INFORMATION SHOWN:

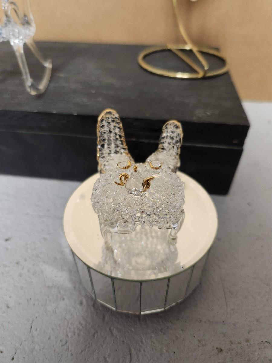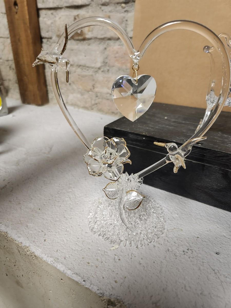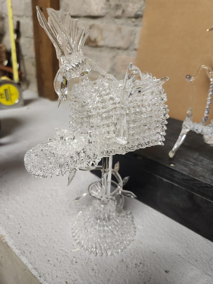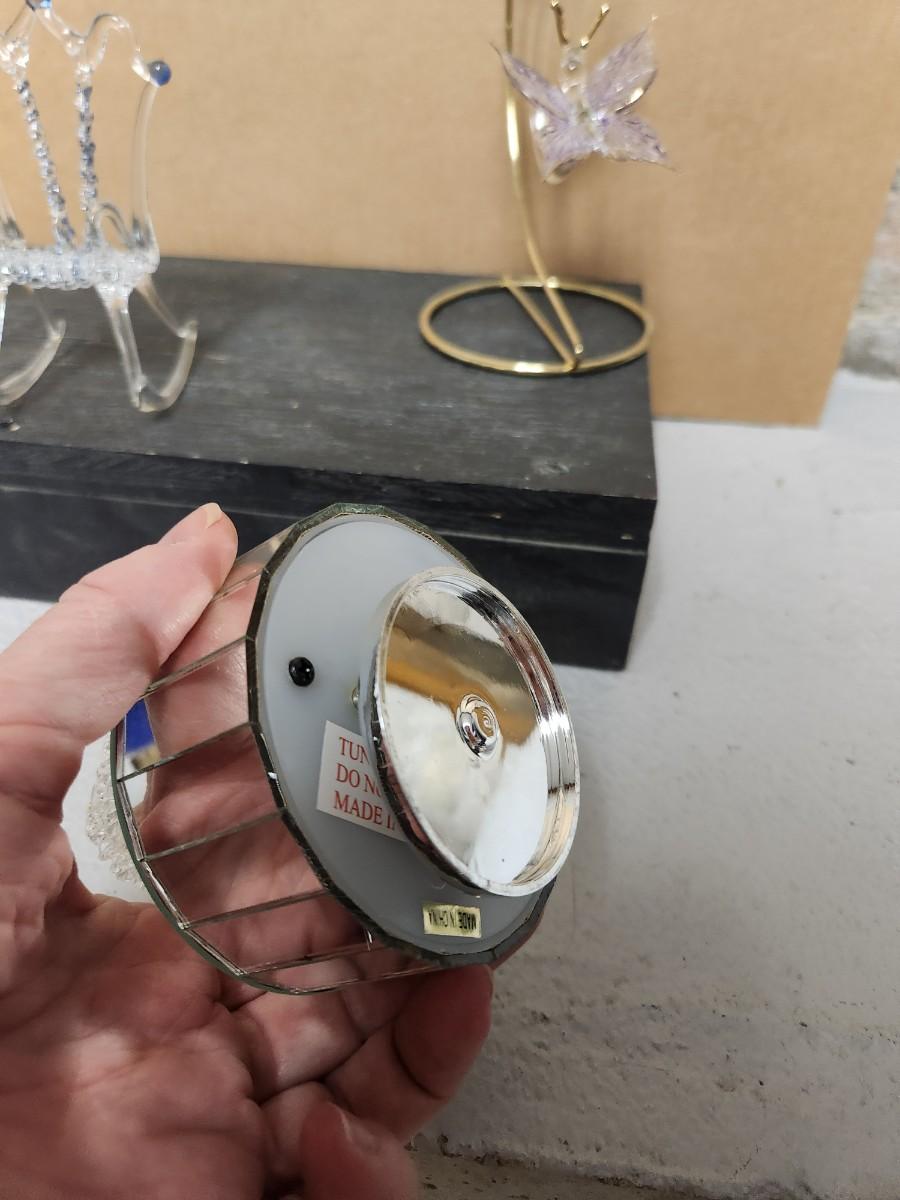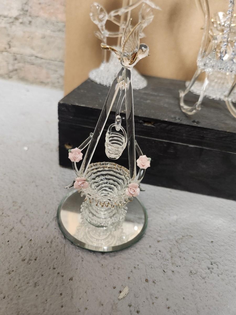 Lot #3 of threaded glass. This on has a hanging butterfly, a mailbox, music box, hanging crystal heart, wishing basket and rocking chair
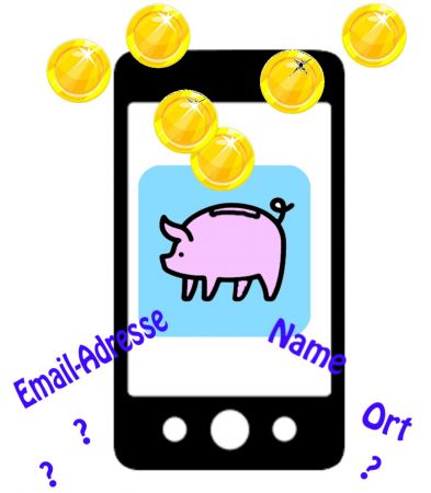 Illustration eines Smartphones auf dessen Bildschirm ein Sparschwein zu sehen ist. In das Schwein fallen Geldstücke, um die Szene herum "fliegen" Wörter wie "E-Mail-Adresse?" , "Name?", ...
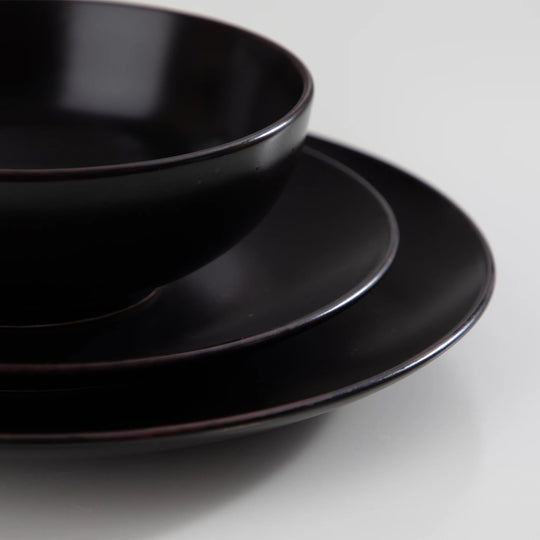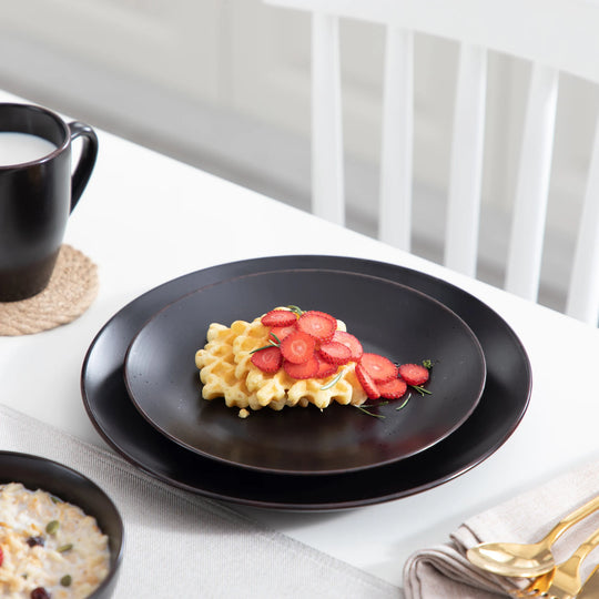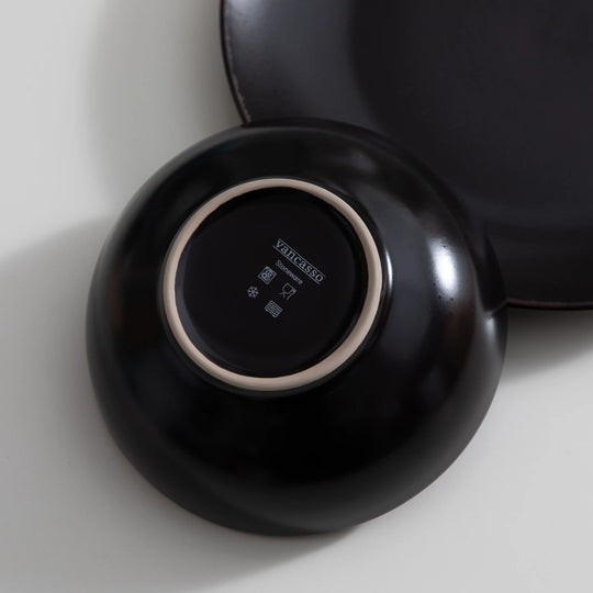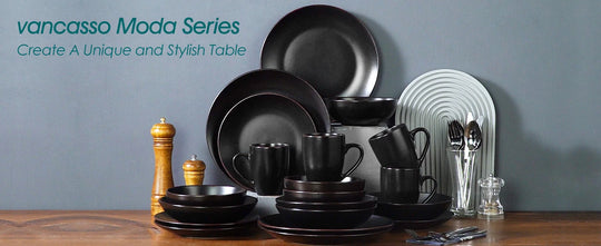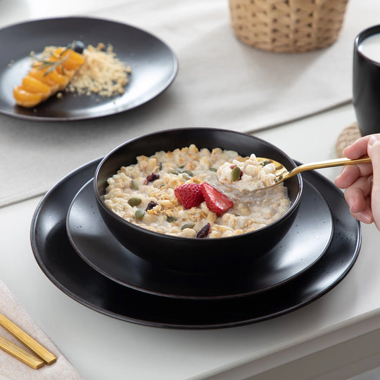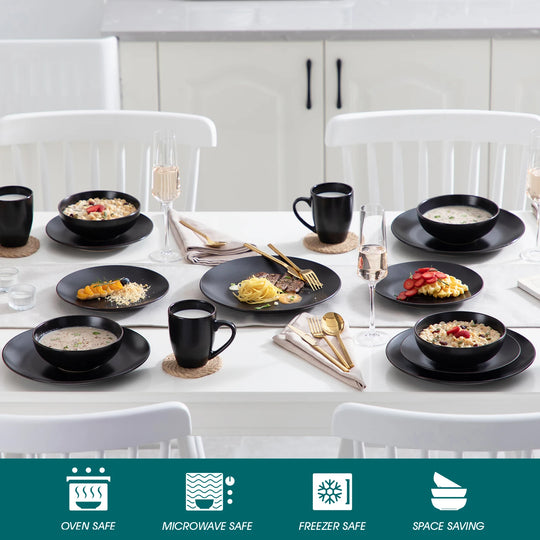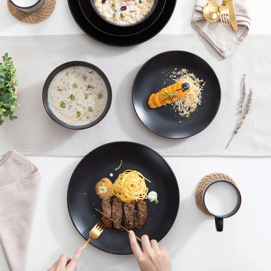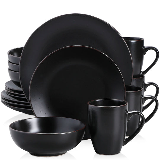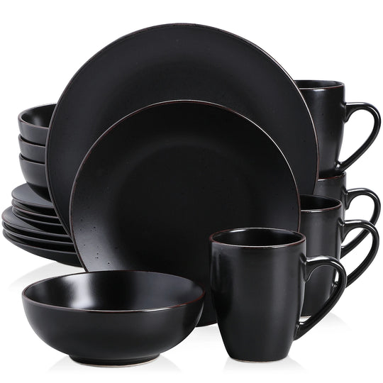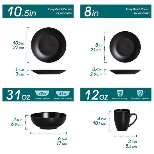 vancasso 16/32 Piece Matte Pottery Dinner Set Black Stoneware Tableware Set with 4PCS Dinner Plate,Dessert Plate,Bowls,Cups
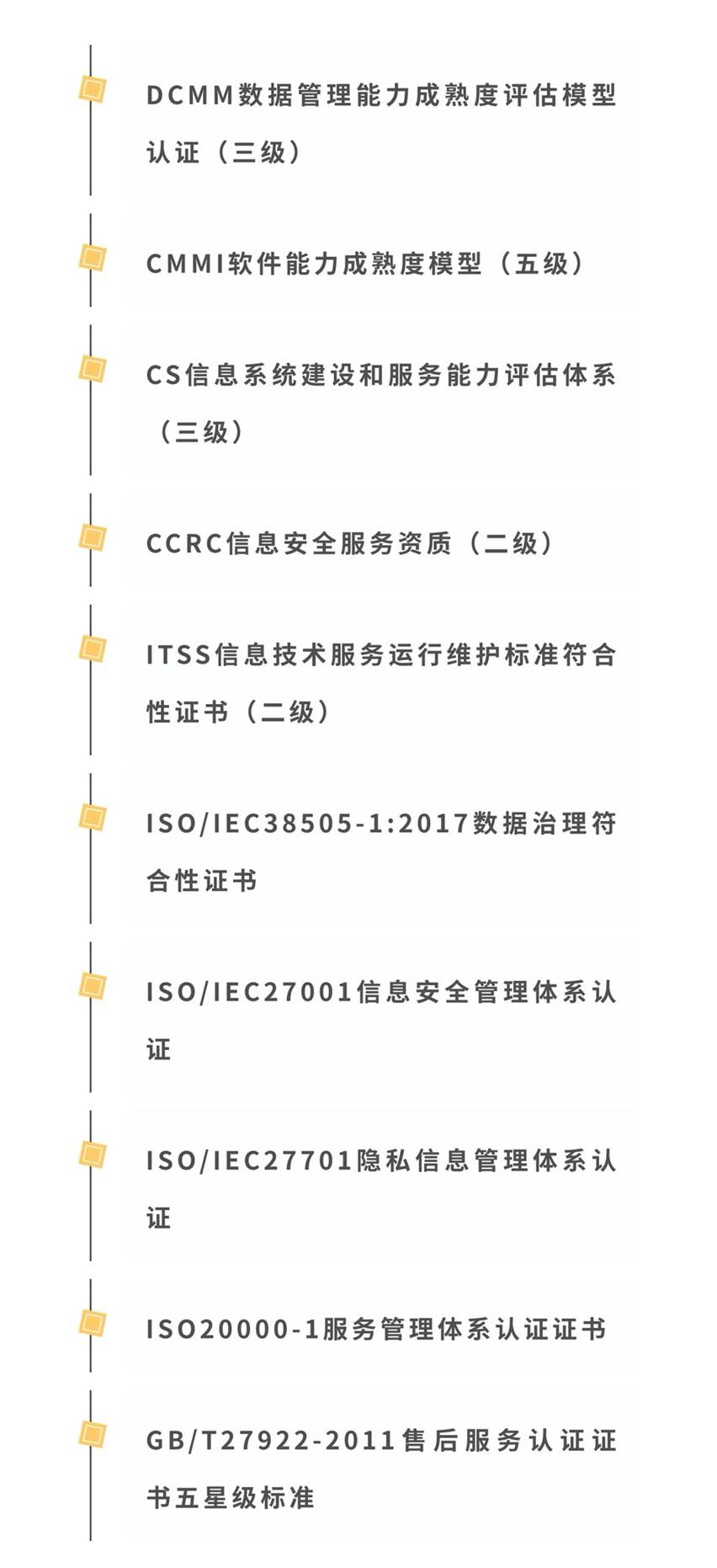 系列资质证书的乐成取得,,,,,,从差别维度证实公司已具备行业高度认可的信息化系统开发及运维效劳、数据战略/架构/治理/应用/清静/质量等综合能力。。。。。。
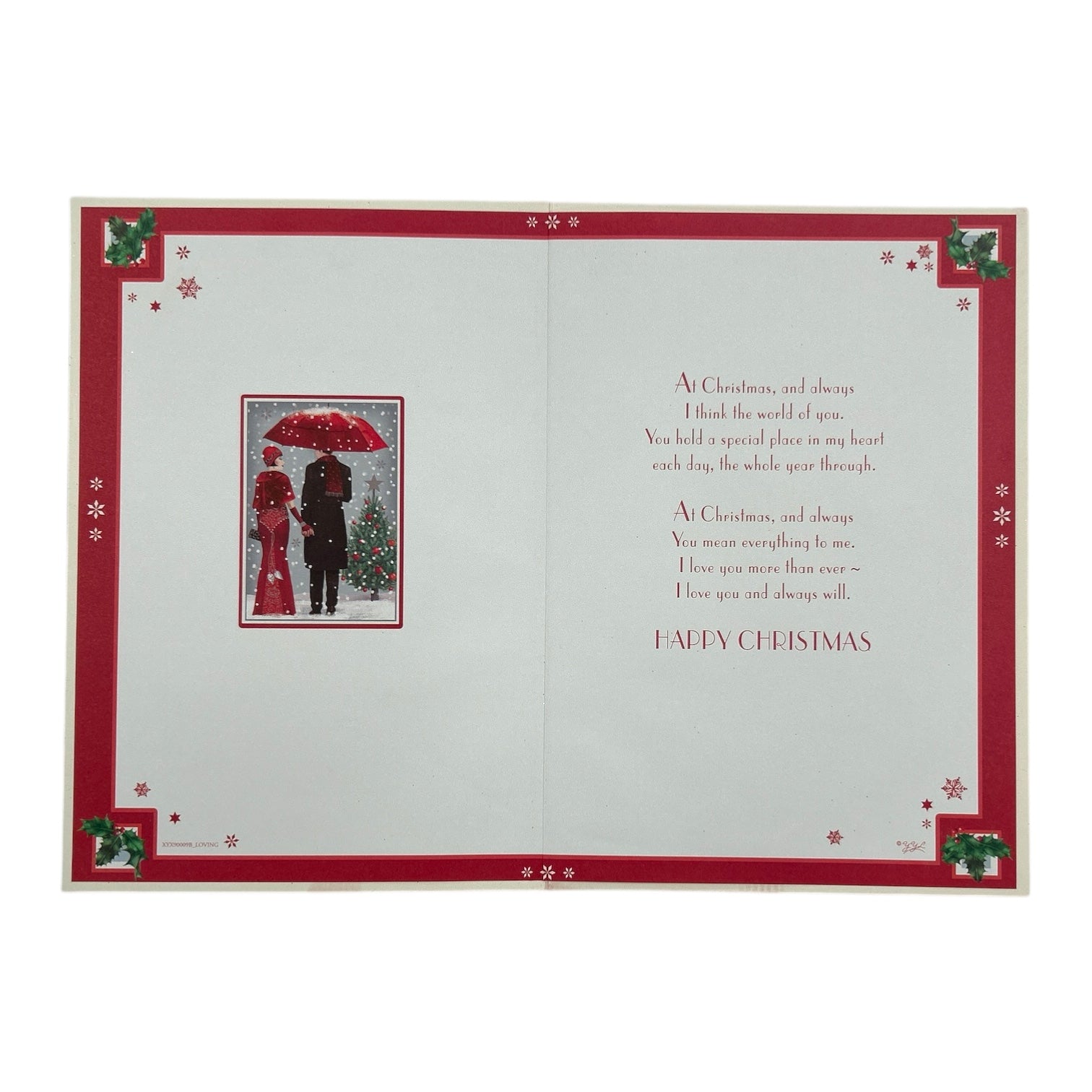 To The One I Love – Lovely Couple With Snowy Scene Design Christmas Card. This romantic Christmas card features an elegant illustration of a couple dressed in 1920s-style attire, walking together under a red umbrella through a softly falling snow. A beautifully decorated Christmas tree twinkles in the background, enhancing the festive charm of the scene. Accented with glitter and foil, the card radiates warmth and sophistication. The rich combination of red, black, and white tones creates a luxurious yet serene atmosphere—perfect for expressing heartfelt love and festive wishes to that special someone.
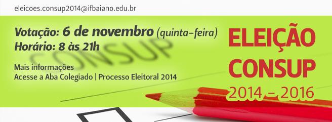 A Comissão Eleitoral Geral convida a comunidade acadêmica para participar da eleição dos candidatos Docentes, Discentes, Técnicos e Egressos ao Conselho Superior do IF Baiano – Biênio 2014-2016. A votação ocorrerá amanhã, dia 06 de Novembro, das 08h às 21h, em todos os Campi e Reitoria. Para votar, os eleitores deverão portar documento de identificação com foto. Para maiores informações entrar em contato com a Comissão Eleitoral Local ou acessar o site do IF Baiano.
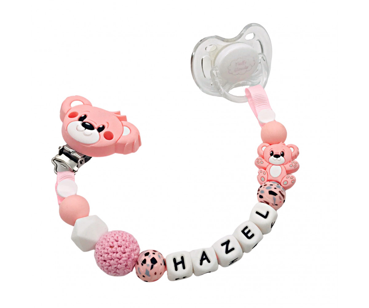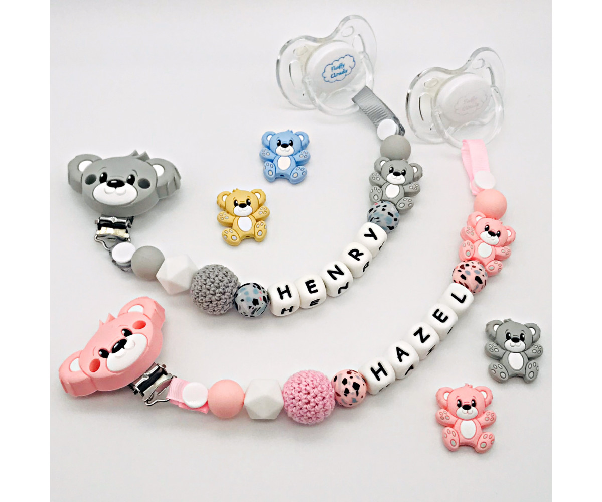 Tags: dummy clip, pacifier holder, soother chain, handmade, personalized, silicone chewable beads, baby name, baby shower gift, new born present, teething accessories
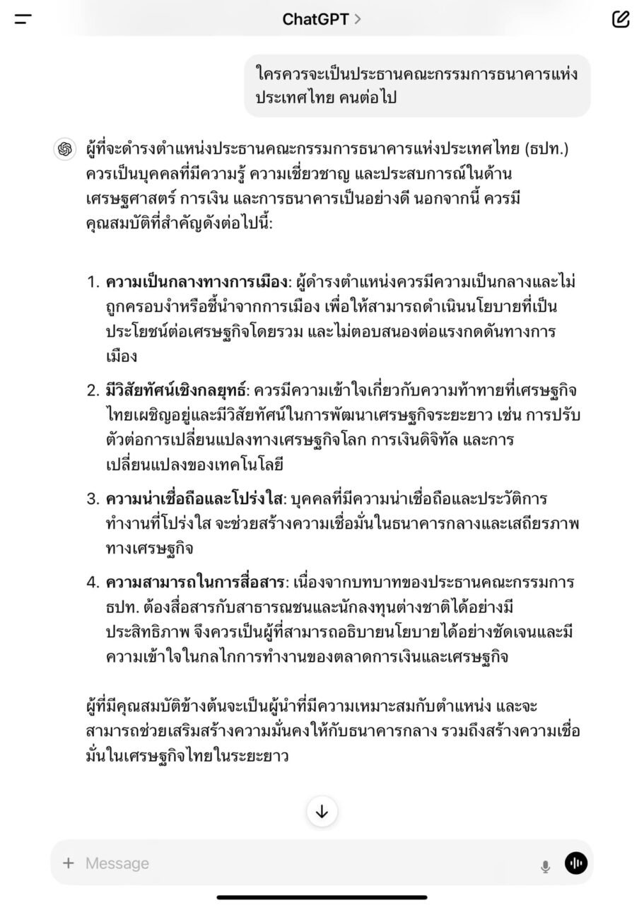 ก่อนหน้านั้น ดร.วิรไท สันติประภพ อดีตผู้ว่าการธนาคารแห่งประเทศไทย ได้โพสต์เฟซบุ๊กส่วนตัว “Veerathai Santiprabhob” ระบุถึงการเลือกตัวประธานบอร์ดแบงก์ชาติ ว่า วันนี้ (3 พ.ย.) ไปเรียนหลักสูตร Generative AI Mastery for Executives เลยลองถามพี่ ChatGPT ผู้เป็นพหูสูตแห่งยุคสมัย ว่าใครควรจะเป็นประธานแบงก์ชาติคนต่อไป

YOUR GOAL: Where pictures appear, skip them and transcribe all other material word for word.

REPLY TO THE EXERCISE:
 Lot #3 of threaded glass. This on has a hanging butterfly, a mailbox, music box, hanging crystal heart, wishing basket and rocking chair
 Illustration eines Smartphones auf dessen Bildschirm ein Sparschwein zu sehen ist. In das Schwein fallen Geldstücke, um die Szene herum "fliegen" Wörter wie "E-Mail-Adresse?" , "Name?", ...
 vancasso 16/32 Piece Matte Pottery Dinner Set Black Stoneware Tableware Set with 4PCS Dinner Plate,Dessert Plate,Bowls,Cups
 系列资质证书的乐成取得,,,,,,从差别维度证实公司已具备行业高度认可的信息化系统开发及运维效劳、数据战略/架构/治理/应用/清静/质量等综合能力。。。。。。
 To The One I Love – Lovely Couple With Snowy Scene Design Christmas Card. This romantic Christmas card features an elegant illustration of a couple dressed in 1920s-style attire, walking together under a red umbrella through a softly falling snow. A beautifully decorated Christmas tree twinkles in the background, enhancing the festive charm of the scene. Accented with glitter and foil, the card radiates warmth and sophistication. The rich combination of red, black, and white tones creates a luxurious yet serene atmosphere—perfect for expressing heartfelt love and festive wishes to that special someone.
 A Comissão Eleitoral Geral convida a comunidade acadêmica para participar da eleição dos candidatos Docentes, Discentes, Técnicos e Egressos ao Conselho Superior do IF Baiano – Biênio 2014-2016. A votação ocorrerá amanhã, dia 06 de Novembro, das 08h às 21h, em todos os Campi e Reitoria. Para votar, os eleitores deverão portar documento de identificação com foto. Para maiores informações entrar em contato com a Comissão Eleitoral Local ou acessar o site do IF Baiano.
 Tags: dummy clip, pacifier holder, soother chain, handmade, personalized, silicone chewable beads, baby name, baby shower gift, new born present, teething accessories
 ก่อนหน้านั้น ดร.วิรไท สันติประภพ อดีตผู้ว่าการธนาคารแห่งประเทศไทย ได้โพสต์เฟซบุ๊กส่วนตัว “Veerathai Santiprabhob” ระบุถึงการเลือกตัวประธานบอร์ดแบงก์ชาติ ว่า วันนี้ (3 พ.ย.) ไปเรียนหลักสูตร Generative AI Mastery for Executives เลยลองถามพี่ ChatGPT ผู้เป็นพหูสูตแห่งยุคสมัย ว่าใครควรจะเป็นประธานแบงก์ชาติคนต่อไป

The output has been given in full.